* _Exercise details_: Down to the last line, set down the listing below exactly, apart from its pictures.

* _Exercise inputs_:
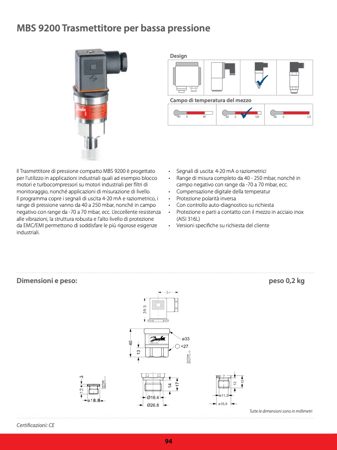 Il Trasmettitore di pressione compatto MBS 9200 è progettato
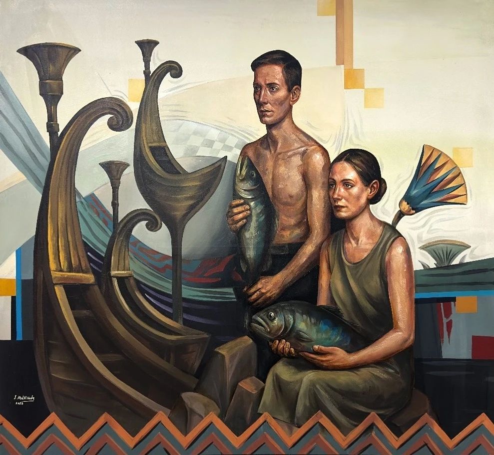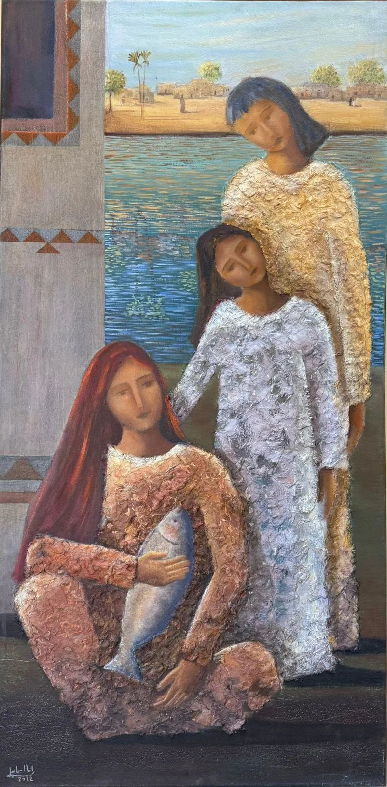 ولم يقتصر الإبداع على اللوحة المسطحة، بل امتد ليعانق الفراغ ويستنطق الخامة في تجليات نحتية وتشكيلية مبهرة؛ فنرى أعمالاً تجريدية.. وتكثيف السطح الملامس لتبدو كأنها قطع مستقطعة من ذاكرة الجدران العتيقة أو من تضاريس الأرض، تتماوج فيها تدرجات البني والأزرق والرمادي لتخلق حالة من الغموض البصري الذي يجبر المشاهد على التأمل والبحث عن المعنى.. وفي زاوية أخرى تبرز الواقعية التعبيرية في تصوير اشخاص من لحم ودم.. فتطل علينا ملامح الفلاحين والصيادين بوجوه نيلية أصيلة تحمل قلق الوجود وقوة الصبر.. بينما تتشابك ضفائر الفتيات في لوحات أخرى لتشكل دوائر من الصمت والحيرة.. في تكوينات تجمع بين خشونة الخامة وعذوبة الفكرة!! وبين صرامة التشريح وانسيابية المشاعر الإنسانية التي تجسد صراعات النفس وأحلامها المجهضة أو المرجأة اوالمستحيلة
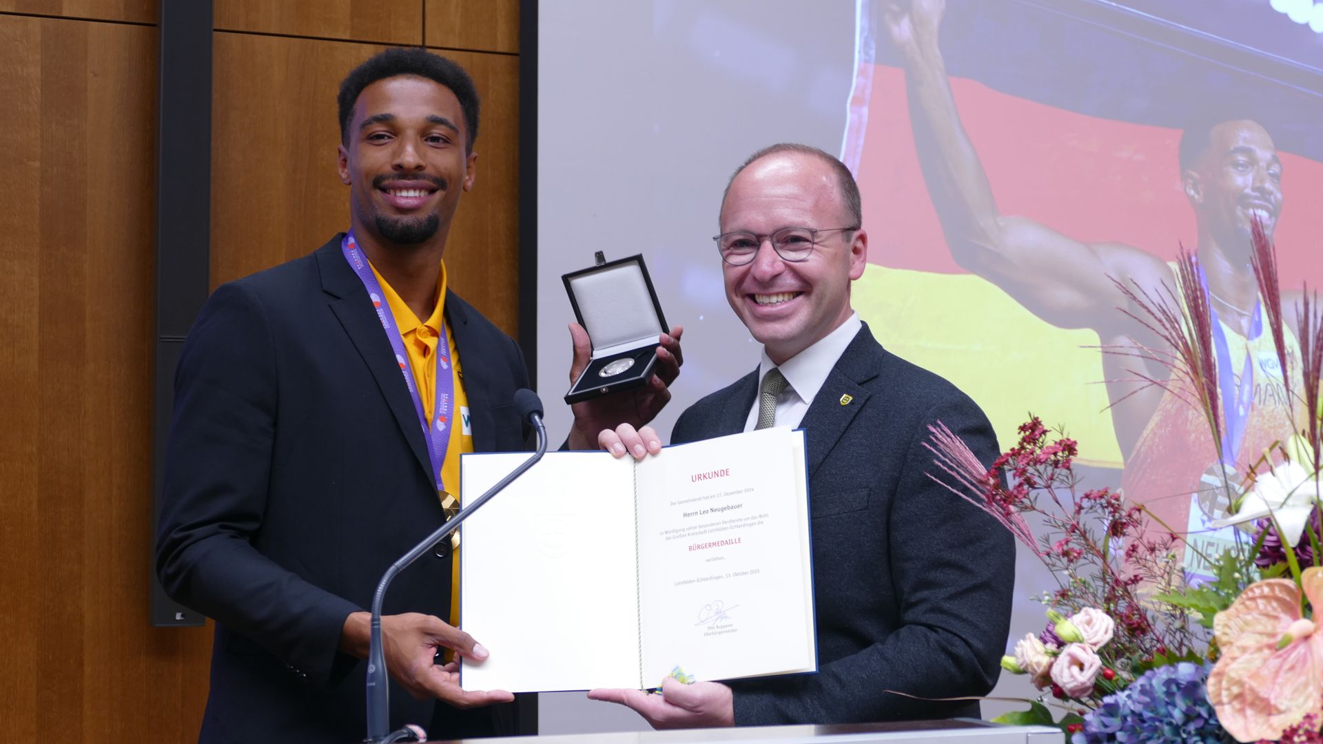 Großer Bahnhof für den frischgebackenen Zehnkampf-Weltmeister Leo Neugebauer in Leinfelden-Echterdingen. Die Stadt hat den Weltklasse Leichtathleten am Montagabend vor großer Kulisse mit der Bürgermedaille geehrt.
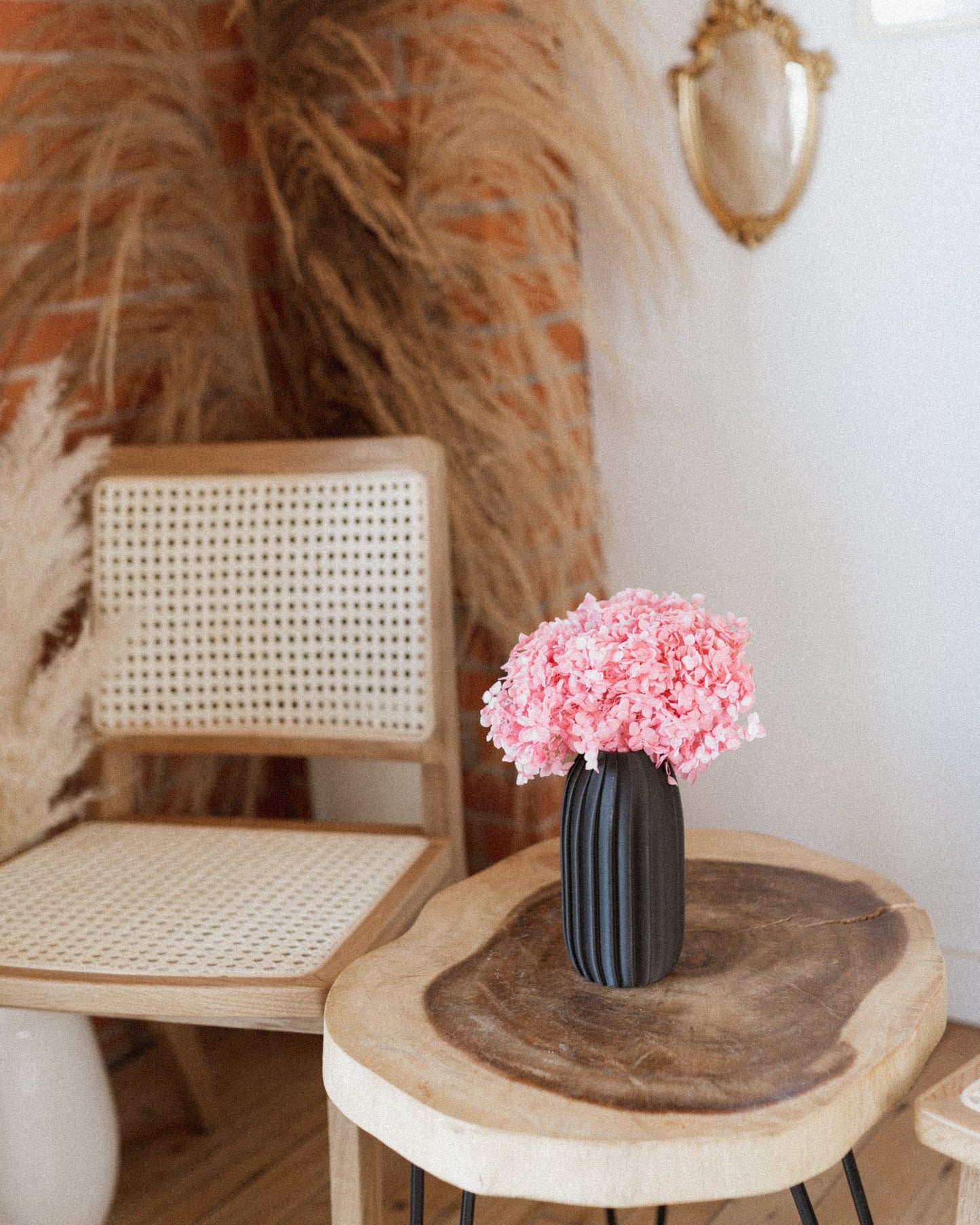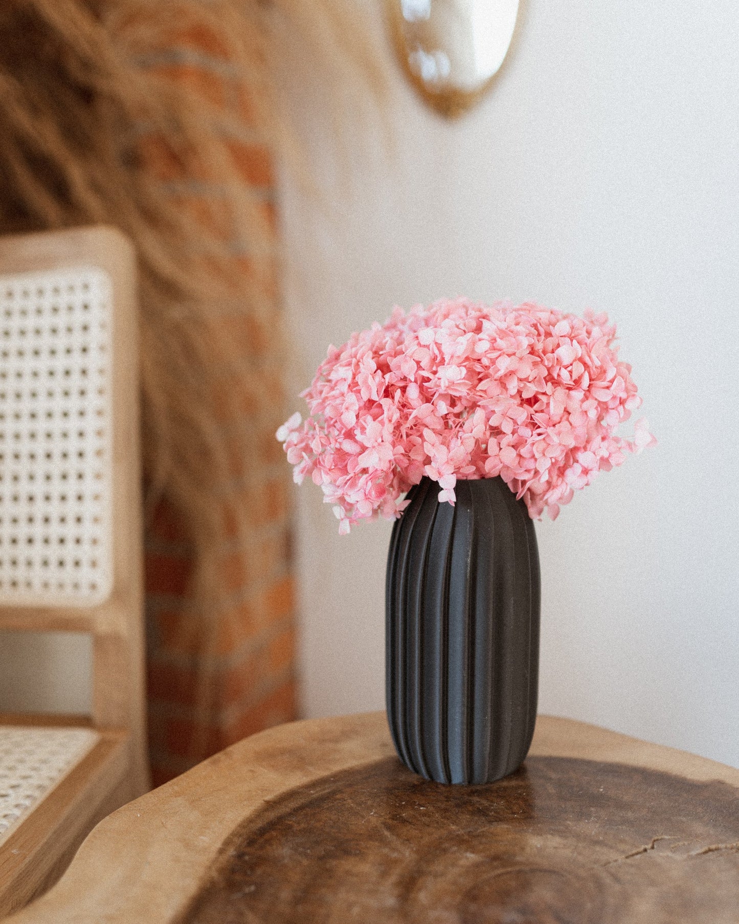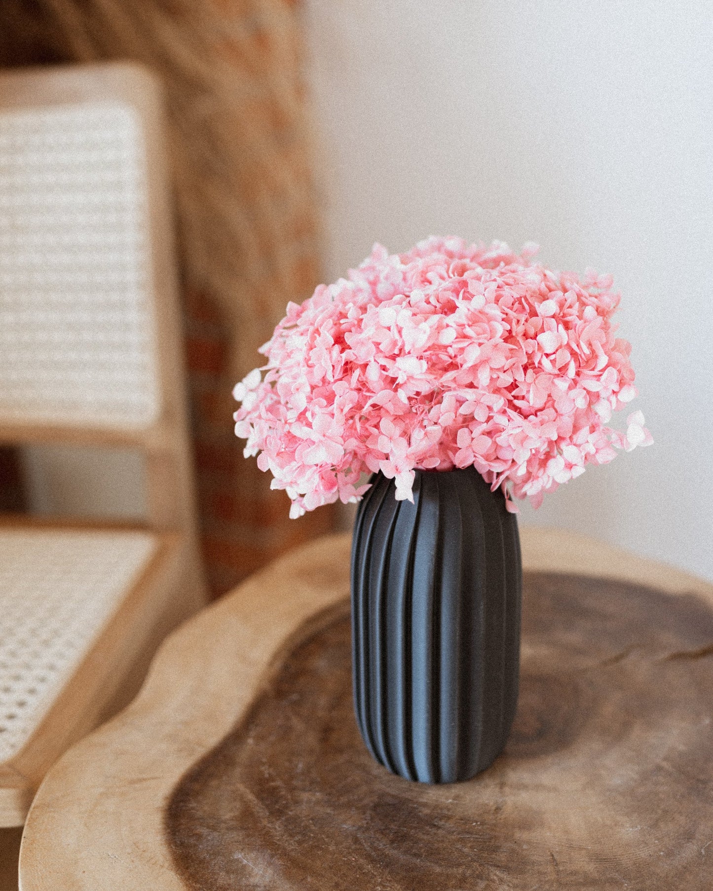 These large hydrangea heads are great on their own or pair with your DIY projects, Their vibrant pink color gives life to any space while offering detailed textures when perfectly paired with our Nami vase.
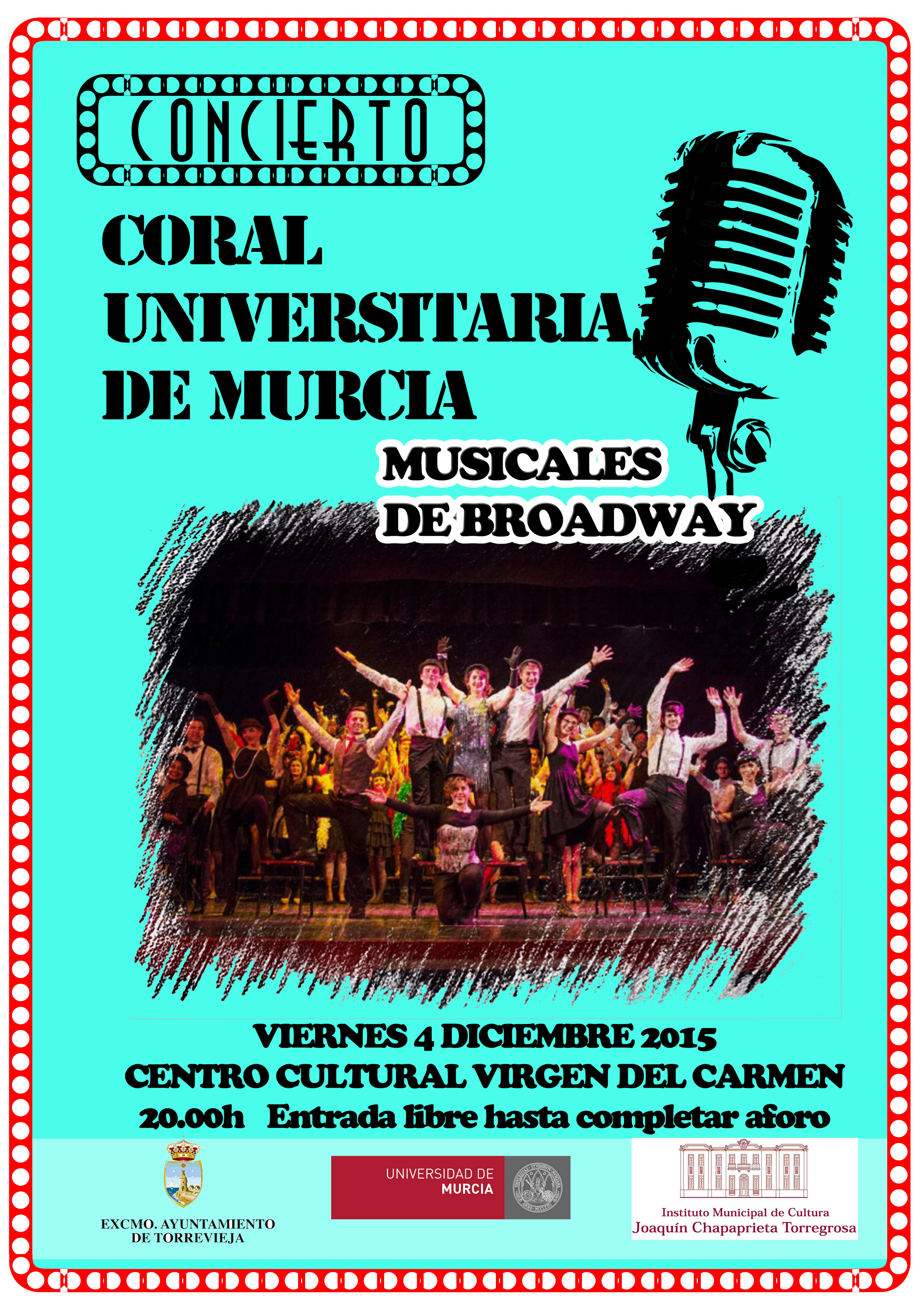 La coral Universitaria de Murcia está compuesta por jóvenes universitarios con edades comprendidas entre los 18 y los 25 años que forman parte del brazo artístico de la citada universidad que impulsa y promociona al música en todos sus estilos y perspectivas. Su misión es impulsar y fomentar la presencia y el gusto por la música tanto en el ámbito universitario como en la sociedad en general.
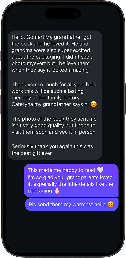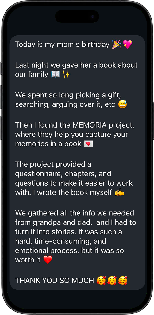 Our books preserve the voices of grandparents, the wisdom of parents, and your memories. You share your stories with us, and we carefully craft them into a written collection you can hold in your hands. You may create a book for yourself — or to give as a gift to your loved ones.
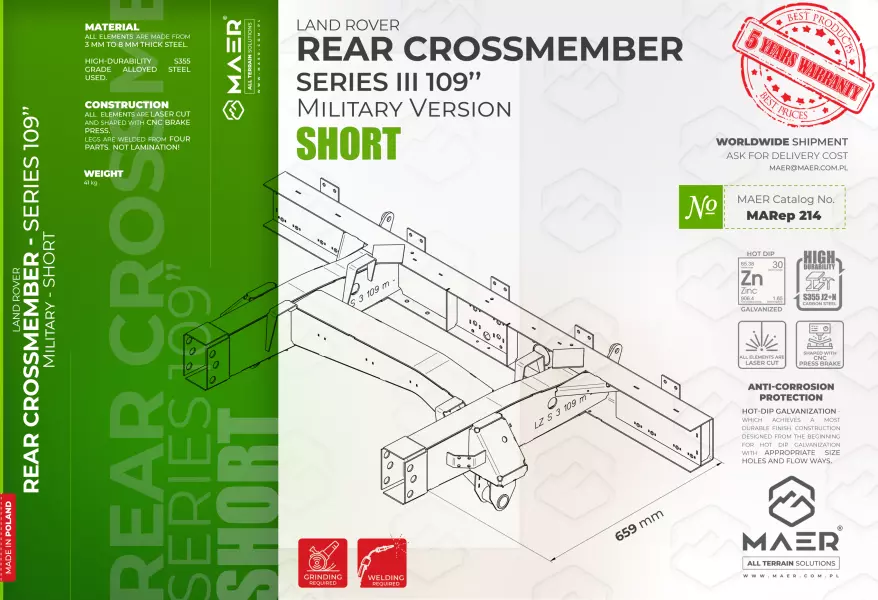 REAR CROSSMEMBER SUITABLE FOR LAND ROVER SERIES III 109" MILITARY VERSION
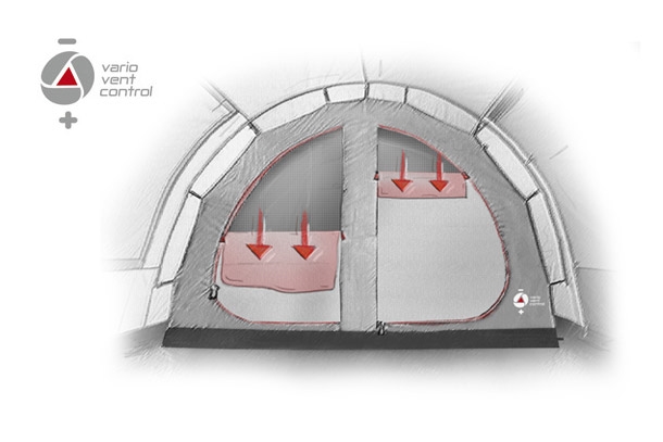 Det mörklagda innertältet med 2 ingångar är utrustat med High Peak Vario Vent Control System.
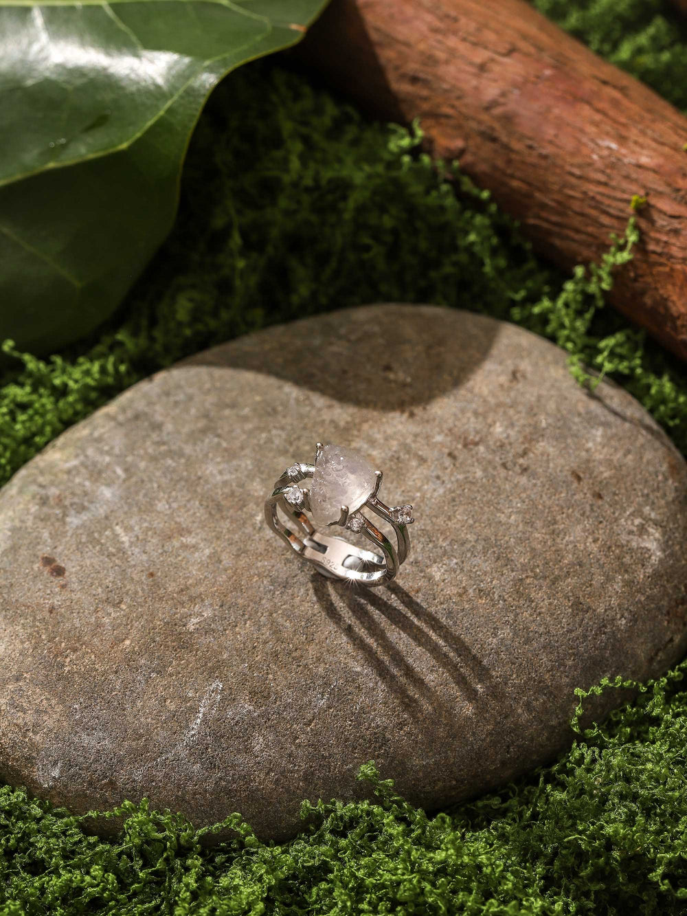 I come from a shamanic lineage that channels the natural power of crystals. Among countless raw stones, I select only those with the strongest energy and the purest light.In this design, the moonstone is chosen for its unique aura. Its blue glow is like the reflection of the night sky on the water, flowing softly and continuously. The triangular shape represents the harmony of heaven, earth, and humanity, an ancient symbol that connects the cosmic order.Together, the moonstone and its geometric design form a conversation between the moonlight and the earth, embodying the rhythm of nature and the wearer’s essence.

* _Response for this exercise_:
 Il Trasmettitore di pressione compatto MBS 9200 è progettato
 ولم يقتصر الإبداع على اللوحة المسطحة، بل امتد ليعانق الفراغ ويستنطق الخامة في تجليات نحتية وتشكيلية مبهرة؛ فنرى أعمالاً تجريدية.. وتكثيف السطح الملامس لتبدو كأنها قطع مستقطعة من ذاكرة الجدران العتيقة أو من تضاريس الأرض، تتماوج فيها تدرجات البني والأزرق والرمادي لتخلق حالة من الغموض البصري الذي يجبر المشاهد على التأمل والبحث عن المعنى.. وفي زاوية أخرى تبرز الواقعية التعبيرية في تصوير اشخاص من لحم ودم.. فتطل علينا ملامح الفلاحين والصيادين بوجوه نيلية أصيلة تحمل قلق الوجود وقوة الصبر.. بينما تتشابك ضفائر الفتيات في لوحات أخرى لتشكل دوائر من الصمت والحيرة.. في تكوينات تجمع بين خشونة الخامة وعذوبة الفكرة!! وبين صرامة التشريح وانسيابية المشاعر الإنسانية التي تجسد صراعات النفس وأحلامها المجهضة أو المرجأة اوالمستحيلة
 Großer Bahnhof für den frischgebackenen Zehnkampf-Weltmeister Leo Neugebauer in Leinfelden-Echterdingen. Die Stadt hat den Weltklasse Leichtathleten am Montagabend vor großer Kulisse mit der Bürgermedaille geehrt.
 These large hydrangea heads are great on their own or pair with your DIY projects, Their vibrant pink color gives life to any space while offering detailed textures when perfectly paired with our Nami vase.
 La coral Universitaria de Murcia está compuesta por jóvenes universitarios con edades comprendidas entre los 18 y los 25 años que forman parte del brazo artístico de la citada universidad que impulsa y promociona al música en todos sus estilos y perspectivas. Su misión es impulsar y fomentar la presencia y el gusto por la música tanto en el ámbito universitario como en la sociedad en general.
 Our books preserve the voices of grandparents, the wisdom of parents, and your memories. You share your stories with us, and we carefully craft them into a written collection you can hold in your hands. You may create a book for yourself — or to give as a gift to your loved ones.
 REAR CROSSMEMBER SUITABLE FOR LAND ROVER SERIES III 109" MILITARY VERSION
 Det mörklagda innertältet med 2 ingångar är utrustat med High Peak Vario Vent Control System.
 I come from a shamanic lineage that channels the natural power of crystals. Among countless raw stones, I select only those with the strongest energy and the purest light.In this design, the moonstone is chosen for its unique aura. Its blue glow is like the reflection of the night sky on the water, flowing softly and continuously. The triangular shape represents the harmony of heaven, earth, and humanity, an ancient symbol that connects the cosmic order.Together, the moonstone and its geometric design form a conversation between the moonlight and the earth, embodying the rhythm of nature and the wearer’s essence.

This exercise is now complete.